Блог пользователя Borisp

Автор Borisp, 14 лет назад, По-английски

Topcoder Open 2011 started recently. This weekend was the first qualification round of the algorithm competition. I had an interesting experience during it, which I want to share.

The second problem was not that hard, though my solution seems to be too stupid for it. You can check out the statement here. I solve it with quite naive approach as follows:

double dp[80002][50];
class FoxListeningToMusic {
public:
    vector <double> getProbabilities(vector <int> length, int T)  {   
        memset(dp, 0, sizeof(dp));
        int n = length.size();
        for(int i = 0; i < n; i++)
            dp[0][i] = 1.0 / (double)n;

        double mul = 1.0 / (double)n;
        int idx ;
        for(int i = 1; i <= T; i++) {
            for(int j = 0; j < n; j++)  {
                idx = i - length[j];
                if(idx >= 0)  {
                    for(int k = 0; k < n; k++)
                        dp[i][k] += mul * dp[idx][k];
                }
                else
                    dp[i][j] += mul;
                }
            }
        }

        vector<double> v(n);
        for(int i = 0; i < n; i++)
            v[i] = dp[T][i];
        return v;
    }

};

It is not important weather the code is solving the problem with correct answers, at least for what I am going to discuss. The fact is that I got time limit with this code. It was somehow expected as the complexity here is O(T * length.size() ^ 2), which becomes 2 * 108 if we take into account the problem constraints. However, the interesting thing is that I tested into the arena before submitting. The case I used seems to be "worst case" for my solution: 50 1s given in length and T = 80000. The code ran for 0.365 seconds. This is quite below the time limit of 2 seconds. I submitted and then was pretty surprised to see I almost did not manage to qualify to Round 1, with 250 ptr only.

I say the case I used is the worst case, because the number of instructions what will be executed depends only on the branching condition idx >= 0 in the inner for. If this is true one more cycle is to be executed (the cycle is of complexity O(n)). In the other case only a single operation O(1) will be executed. And as you can see the less the elements in length the more times this becomes true.
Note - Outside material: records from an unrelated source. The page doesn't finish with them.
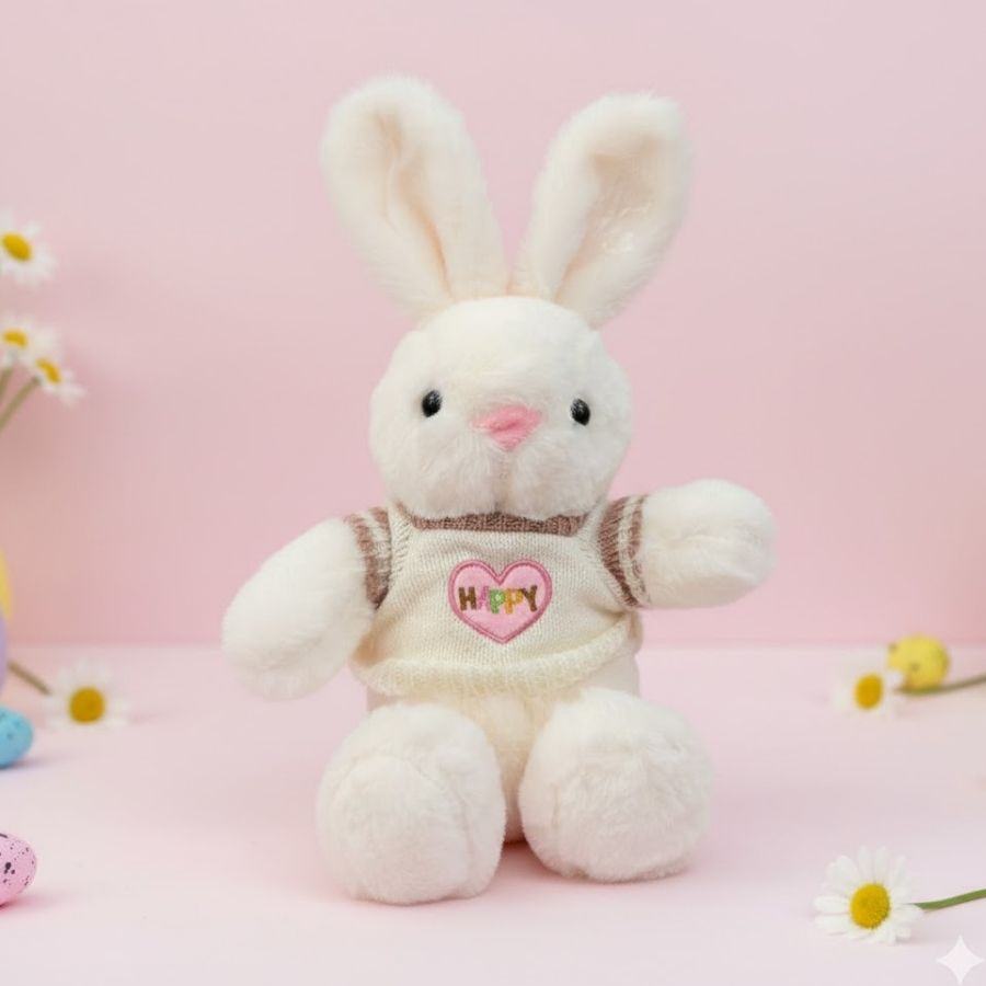 Delicado, lúdico e cheio de encanto, o Coelho de Pelúcia Branco com Blusa “Happy” (Branco e Rosa) traz toda a fofura e alegria da Páscoa. A blusa colorida com detalhe divertido reforça o clima acolhedor e infantil, transformando qualquer ambiente em um cenário pascal encantador e cheio de ternura.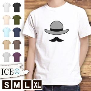Tシャツ 帽子とヒゲ メンズ レディース かわいい 綿100% 大きいサイズ 半袖 xl おもしろ 黒 白 青 ベージュ カーキ ネイビー 紫 カッコイイ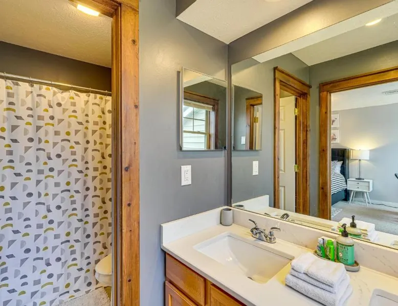 Spacious Accommodations: Spacious Modern Home about 1 Mi to Camelback Mountain! in Tannersville offers four bedrooms and three bathrooms. The property includes a fully equipped kitchen with modern appliances, a cozy fireplace, and a balcony. Essential Facilities: Guests enjoy free WiFi, air-conditioning, and a 24-hour front desk. Paid on-site parking is available. The holiday home features a washing machine, dishwasher, and a fully equipped kitchen with a coffee machine and microwave. Local Attractions: Located 37 mi from Lehigh Valley International Airport, the property is near Delaware Water Gap National Recreation Area (17 mi), Great Wolf Lodge Pocono Mountains (5.6 mi), and Kalahari Waterpark (13 mi). Hiking trails and winter sports are available in the surroundings. This holiday home's standout feature is the fireplace. Boasting a private entrance, this spacious holiday home also includes 4 separate bedrooms and 3 bathrooms with a bath and a hairdryer. Guests will find a stovetop, a refrigerator, a dishwasher and kitchenware in the fully equipped kitchen. The holiday home also features a barbecue. This holiday home has air conditioning, a washing machine, a flat-screen TV and a balcony. The unit has 7 beds.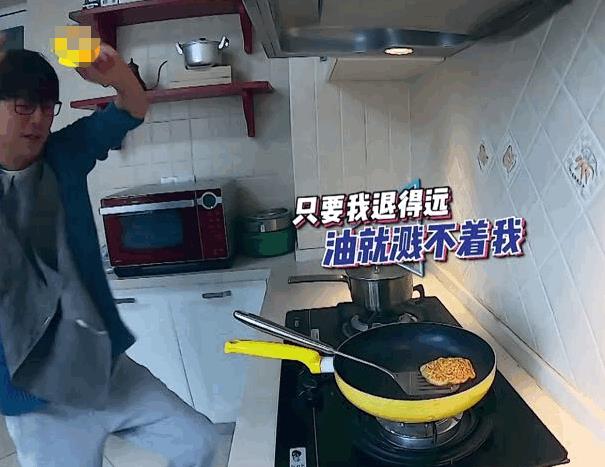 相比之下,何炅下厨就不是那么顺利了。作为一个常年赶通告的大忙人,何老师对厨房并不是十分熟悉,操作起来手忙脚乱,在摄像机镜头前都很难掩饰自己对油锅的恐惧,为了躲油滴差点出框,惊慌失措的反应非常可爱。

Even though this reasoning, my problem fails the following case:
length = {1, 1, 1, 1, 3, 3, 3, 3, 1, 3, 3, 2, 3, 2, 3, 3, 1, 2, 3, 1, 2, 3, 2, 1, 3, 1, 1, 1, 2, 3, 2, 3, 2, 2, 1, 3, 1, 1, 3, 1, 3, 1, 3, 2, 3, 1, 1, 3, 2, 76393} T= 77297.
For this case my program runs for 5.204000 seconds on my computer (my computer is significantly slower than Topcoder's, but I am going to show you runtimes on my machine, as here the ratio is what matters), whereas
length = {1, 1, 1, 1, 1, 1, 1, 1, 1, 1, 1, 1, 1, 1, 1, 1, 1, 1, 1, 1, 1, 1, 1, 1, 1, 1, 1, 1, 1, 1, 1, 1, 1, 1, 1, 1, 1, 1, 1, 1, 1, 1, 1, 1, 1, 1, 1, 1, 1, 1} T = 80000 runs for 0.750000 on my machine.
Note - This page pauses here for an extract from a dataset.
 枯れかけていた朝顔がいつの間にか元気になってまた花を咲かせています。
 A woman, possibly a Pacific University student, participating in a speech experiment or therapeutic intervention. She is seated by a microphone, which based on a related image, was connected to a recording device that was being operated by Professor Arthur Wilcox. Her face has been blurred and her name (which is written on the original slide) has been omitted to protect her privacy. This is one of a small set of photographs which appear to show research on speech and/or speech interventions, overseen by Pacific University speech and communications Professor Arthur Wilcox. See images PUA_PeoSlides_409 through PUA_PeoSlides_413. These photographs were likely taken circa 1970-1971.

My first assumption was that the reason for this unexpected ratio of runtime measurements (as long as we should expect that in the first case quite fewer processor instructions are to be executed) was that the processor caches somehow the similar calculations: in my example the calculations are symmetric with regard to all the elements of length and really clever processor can use this to spare repeating the same sequence of instructions. So I tried composing another example: this time with different values in length array:

length = {1, 2, 3, 4, 5, 6, 7, 8, 9, 10, 11, 12, 13, 14, 15, 16, 17, 18, 19, 20, 21, 22, 23, 24, 25, 26, 27, 28, 29, 30, 31, 32, 33, 34, 35, 36, 37, 38, 39, 40, 41, 42, 43, 44, 45, 46, 47, 48, 49, 77943}  T=80000 runs for  0.813000 seconds on my machine.

After this example I am no longer able to say how come these time measures - my second example seems to require more processor instructions than the test that failed me and does not allow the caching I thought was happening in the first example. Actually I have not been able to define the cause of this behavior, but I am quite sure it should have something to do either with processor caches or conveyors. I am very curios how those experiments will behave on different chipsets, so feel free to comment here.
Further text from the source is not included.